Our cohort did not receive any additional physiotherapy input beyond advice and review delivered in the physiotherapy led follow‐up FES clinics. Previous work has suggested improved efficacy of FES when combined with physiotherapy, although this was specifically in patients with stroke rather than progressive neurological disorders. It would warrant further study in the future to quantify whether the addition of intensive therapy can provide a clear and sustained training effect in AMN patients.

Whilst none of our cohort of male patients with AMN demonstrated cognitive impairment (cALD) at their first assessment or during the study period, it is recognised that in a small percentage of patients with AMN this will develop and this in turn may have implications for setting up of the FES device and should be considered as part of any decision to trial FES in this group.

CONCLUSIONS

The data presented here is obviously limited by the small numbers included.
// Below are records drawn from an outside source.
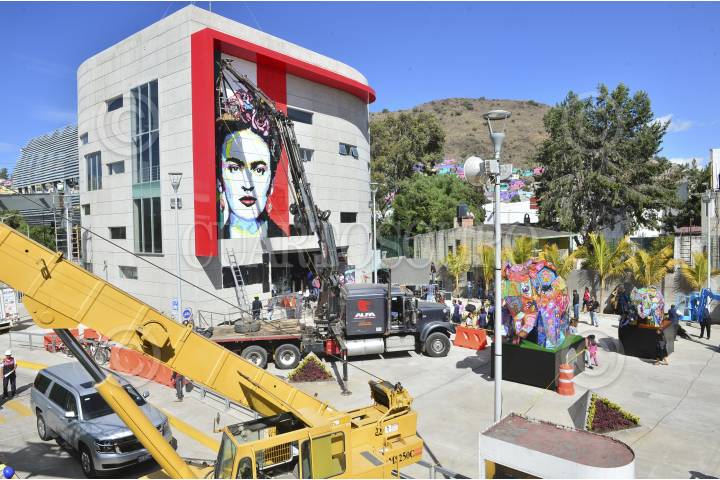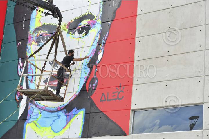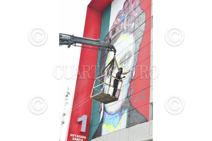 ECATEPEC, ESTADO DE MÉXICO, 05DICIEMBRE2016.- El artista callejero Alec Monopoly da los últimos toques a su obra Frida, que fue plasmada en la estación Santa Clara del sistema Mexicable. FOTO: LUIS SOTO /CUARTOSCURO.COM
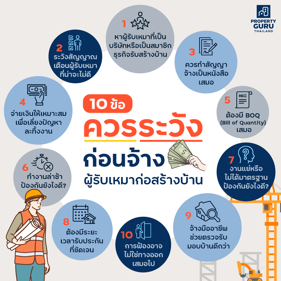 เรื่องน่าปวดหัวอย่างหนึ่งสำหรับคนที่สร้างบ้านเอง คือการจ้าง หรือหาผู้รับเหมาก่อสร้างที่ทำงานดี ไว้ใจได้ รับผิดชอบ และสร้างบ้านได้เสร็จเรียบร้อย แต่ในชีวิตจริงต้องยอมรับว่าหาได้ไม่ง่ายสำหรับผู้รับเหมาดีๆ แบบนี้ วันนี้ CheckRaka.com ได้รวบรวมประสบการณ์จากทีมงานซึ่งเคยปวดหัวกับผู้รับเหมากันมาแล้วหลายราย และจัดทำข้อสรุป 10 เรื่องควรรู้ หรือควรระวังก่อนจ้างผู้รับเหมามาให้พวกเราชาว CheckRaka.com เป็นแนวทางการเลือกดังนี้ครับ
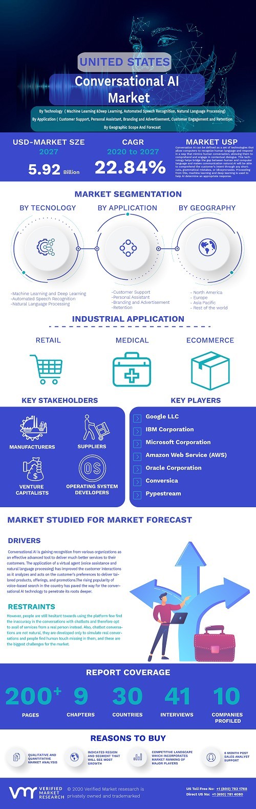 News United States Conversational AI Market Size By Technology, By Application, By Vertical, By Regional Analysis And Forecast smithjenny22119 713 views United States Conversational AI Market was valued at USD 1.12 Billion in 2019 and is projected to reach USD 5.92 Billion by 2027, growing at a CAGR of 22.84% from 2020 to 2027. « Previous United States Conversational AI Market
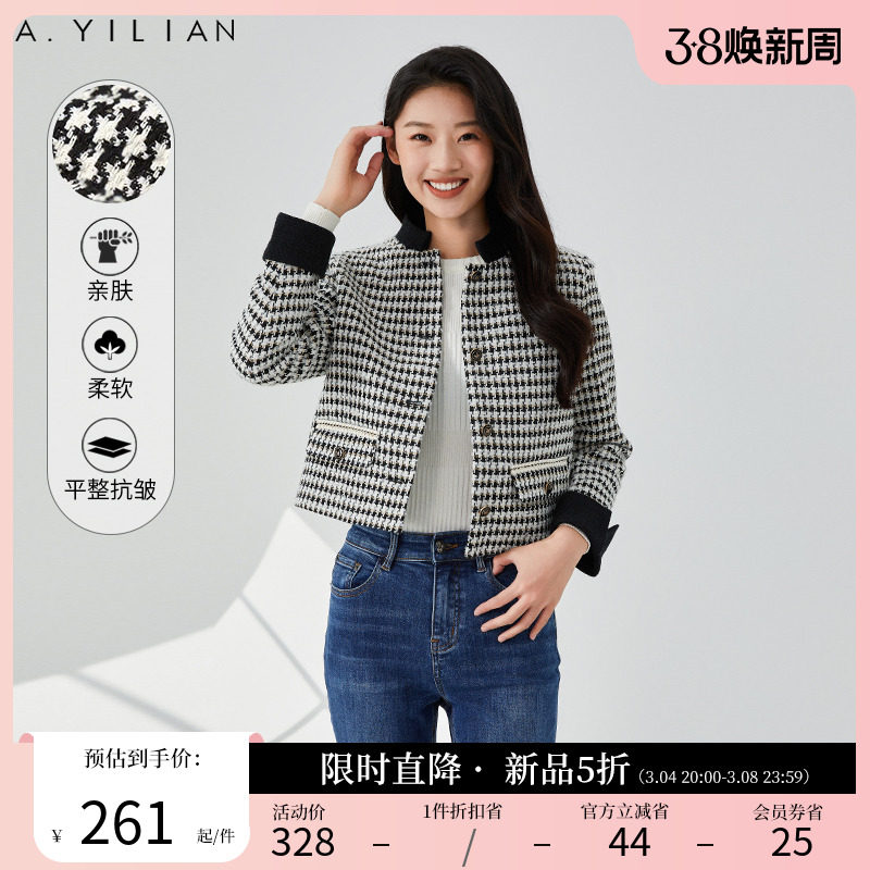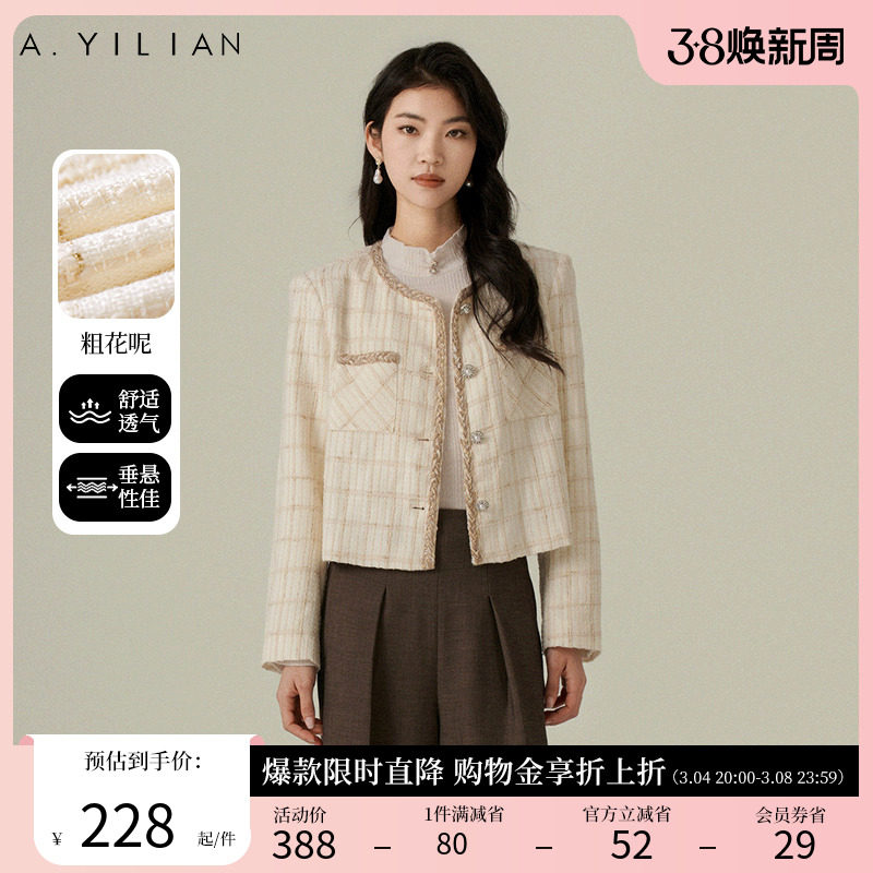 阿依莲2024春季新款粗花呢小香风短外套女复古圆领外套小个子上衣
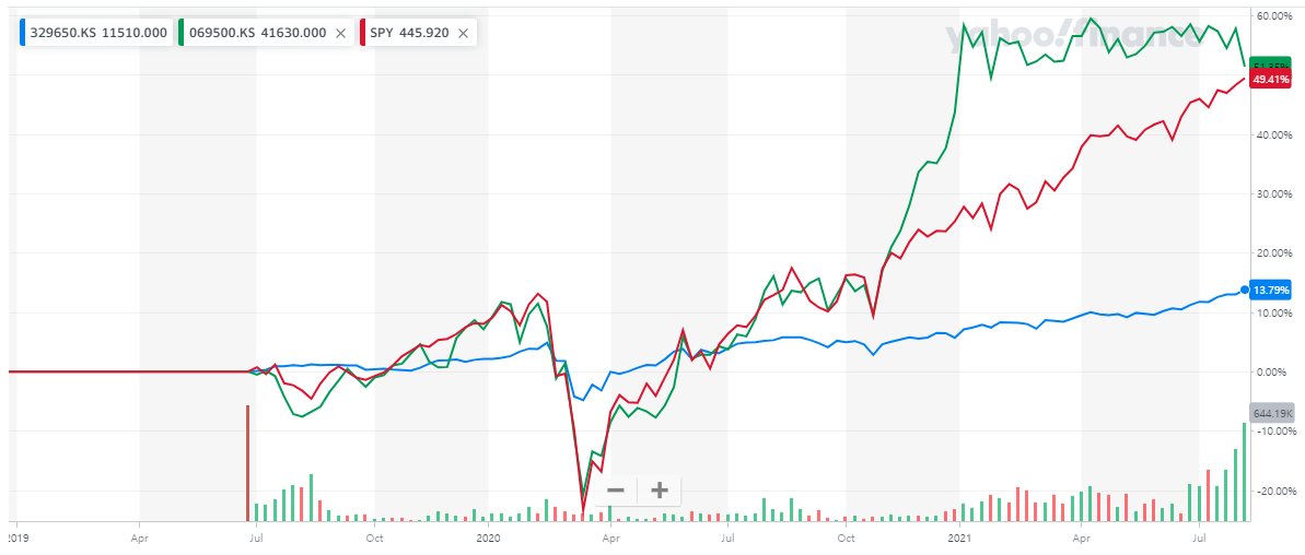 빨간색 : SPY(미국 S&P500 추종 ETF)
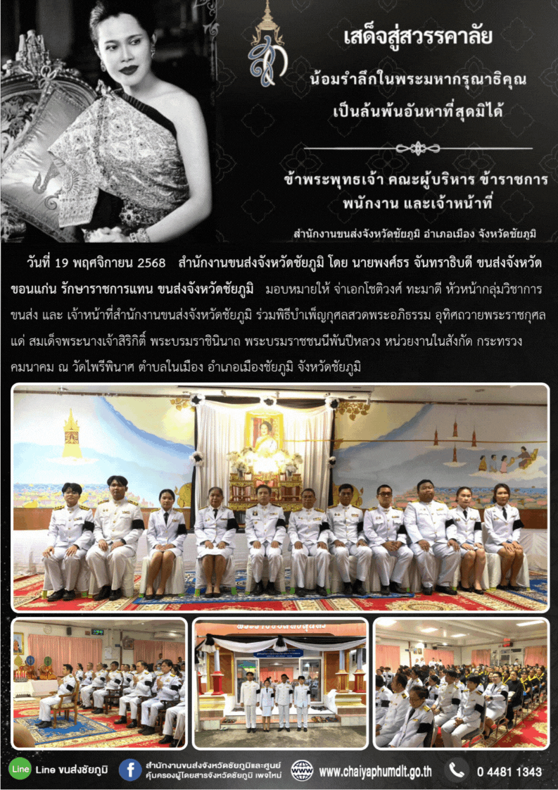 สำนักงานขนส่งจังหวัดชัยภูมิ โดย นายพงศ์ธร จันทราธิบดี ขนส่งจังหวัดขอนแก่น รักษาราชการแทน ขนส่งจังหวัดชัยภูมิ มอบหมายให้ จ่าเอกโชติวงศ์ ทะมาดี หัวหน้ากลุ่มวิชาการขนส่ง และเจ้าหน้าที่สำนักงานขนส่งจังหวัดชัยภูมิ ร่วมพิธีบำเพ็ญกุศลสวดพระอภิธรรม อุทิศถวายพระราชกุศลแด่ สมเด็จพระนางเจ้าสิริกิติ์ พระบรมราชินินาถ พระบรมราชชนนีพันปีหลวง หน่วยงานในสังกัด กระทรวงคมนาคม ณ วัดไพรีพินาศ ตำบลในเมือง อำเภอเมืองชัยภูมิ จังหวัดชัยภูมิ
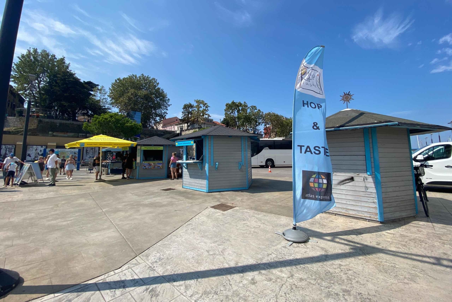 - Quando você desembarcar do navio no Porto de Koper, nossa simpática equipe estará aguardando ansiosamente a sua chegada, pronta para recebê-lo com sorrisos calorosos e dar as boas-vindas. Entendemos que embarcar em uma nova aventura pode ser empolgante, mas ao mesmo tempo assustador, por isso nosso objetivo é tornar sua experiência a mais perfeita e agradável possível. Procure a bandeira de praia LARANJA com o logotipo Hop & Taste no píer de passageiros. Ao lado da KOPER TOURS SOUVENIR SHOP azul, do lado direito de você
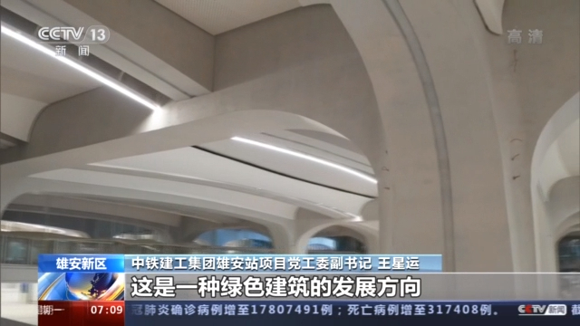中铁建工集团雄安站项目党工委副书记 王星运: 应用清水混凝土的地方就没有二次装修,这也是未来绿色建筑的发展方向。
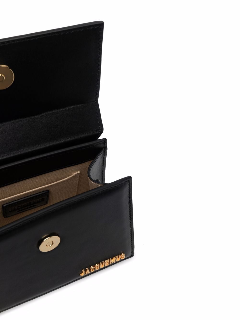 Black leather Le Chiquito Noeud mini bag from JACQUEMUS featuring gold-tone logo lettering, foldover top with magnetic fastening, detachable shoulder strap, single circular top handle and internal card slot. Size and Fit - Width 7,09 in / 18 cm Height 5,31 in / 13,5 cm Depth 3,15 in / 8 cm Handle 4,33 in / 11 cm Strap 23,23 in / 59 cm
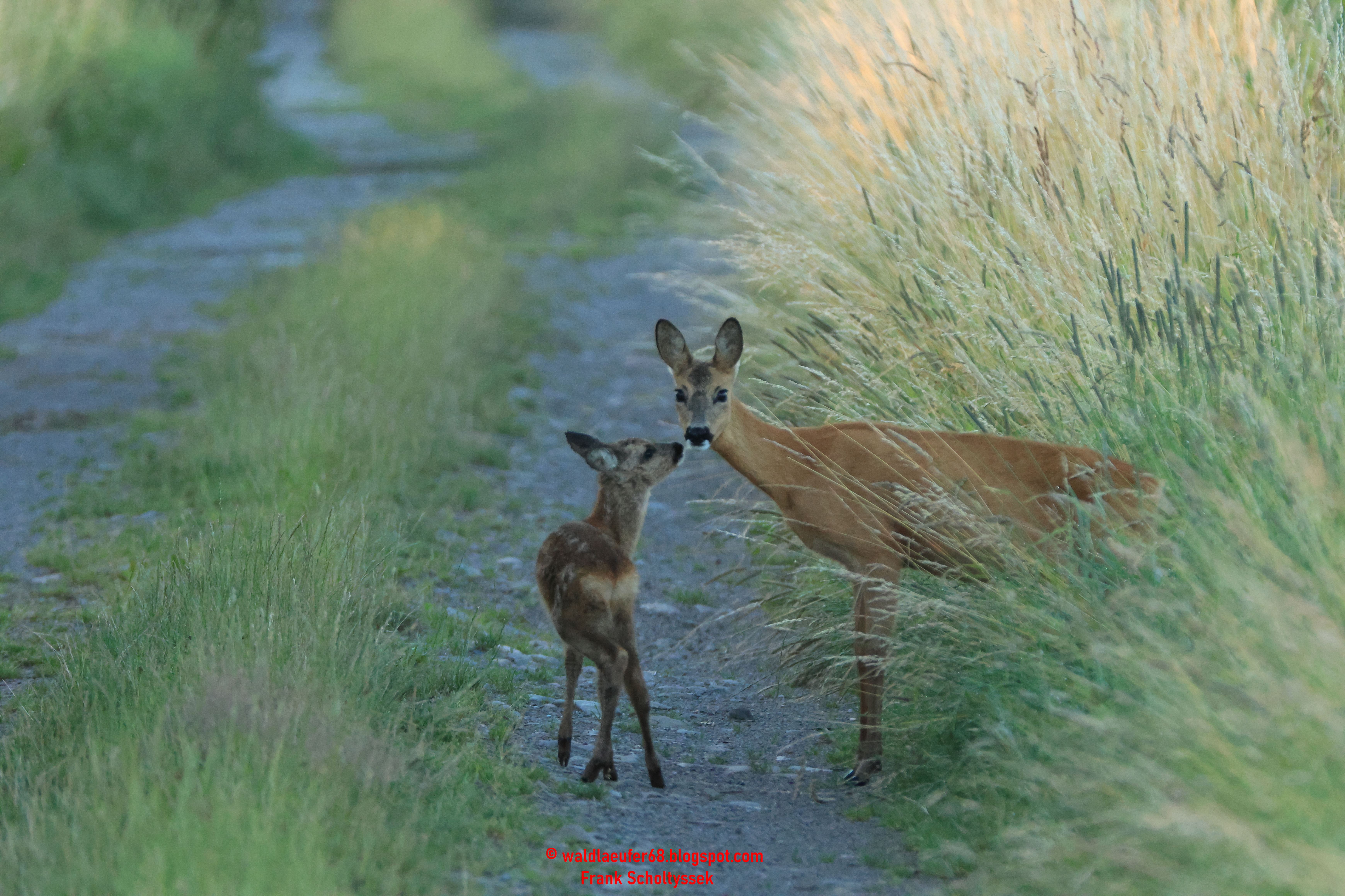 Wir waren schon einige Zeit unterwegs, aber hatten leider noch nichts gesehen. Ein sehr ruhiger Morgen, so etwas hat man öfter, also Sachen zusammen packen und weiter ziehen... nach einigen Metern kommen wir auf eine abgemähte Wiese und sehen von weitem nur den Kopf vom Reh hinter dem hohen Gras. Die Sonne im Rücken pirschten wir uns immer näher heran und beobachten das Reh wie es gemütlich über die Wiese schlendert. Ylva und ich sitzen im Gras, das Reh konnte uns sehen aber blieb ruhig, sehr gut für uns.. toller Moment...

Data collection was prospective, but not complete for several patients in our cohort. It is therefore impossible to draw any significant findings on efficacy although comparisons with data from Huffnagel et al. suggest a benefit to using FES for maintaining walking function for a longer period of time and patients reported increased satisfaction with walking. AMN by its nature is progressive and so the effectiveness of FES in maintaining walking will decrease over time due to central and peripheral effects of the disease. Although peripheral involvement should be considered when assessing the effectiveness of FES in this group of patients both at trial and over time, it should not preclude referral and assessment. There is no evidence from this observational study that NCSs are helpful in predicting the usefulness of FES in improving walking function.

Given the cost effectiveness and benefits of treatment demonstrated in other progressive neurological disorders, we feel that FES should be considered for both male and female patients with AMN in the long‐term management of their walking impairments. All AMN patients with walking difficulty would benefit from a review in a multidisciplinary clinic to consider treatments such as FES in addition to other walking adjuncts when FES is not effective.

Key points

Adrenomyeloneuropathy (AMN) is a slowly progressive disorder caused by a non‐inflammatory axonopathy affecting both the spinal cord and peripheral nerves.

Progressive difficulty with walking and falls is a common feature of AMN.

Functional electrical stimulation (FES) is a UK National Health Institute for Health and Clinical Excellence (NICE) approved treatment for the management of foot drop in upper motor neuron disorders. Externally applied electrical stimulation to the common peroneal nerve is timed to the swing phase of gait, causing dorsiflexion.

Patients with AMN reporting tripping, falling, reduced walking tolerance or confidence will benefit from multidisciplinary assessment for FES.

CONFLICT OF INTEREST

William Goodison, Fred Baron, Coralie Seary, Elaine Murphy and Robin Lachmann declare that they have no conflicts of interest. Valerie L. Stevenson reports personal fees from Medtronic Advisory Board, personal fees from GW Pharmaceuticals Advisory Board and personal fees from European Continuing medical Training, outside the submitted work.

ETHICAL APPROVAL

No ethics approval was required for this review as data were collected as part of routine appointments within the FES service and analysed retrospectively. All procedures followed were in accordance with the ethical standards of the responsible committee on human experimentation (University College Hospital London and UK) and with the Helsinki Declaration of 1975, as revised in 2000.

PATIENT CONSENT STATEMENT

Informed consent was obtained from all patients for whom identifying information is included in this article.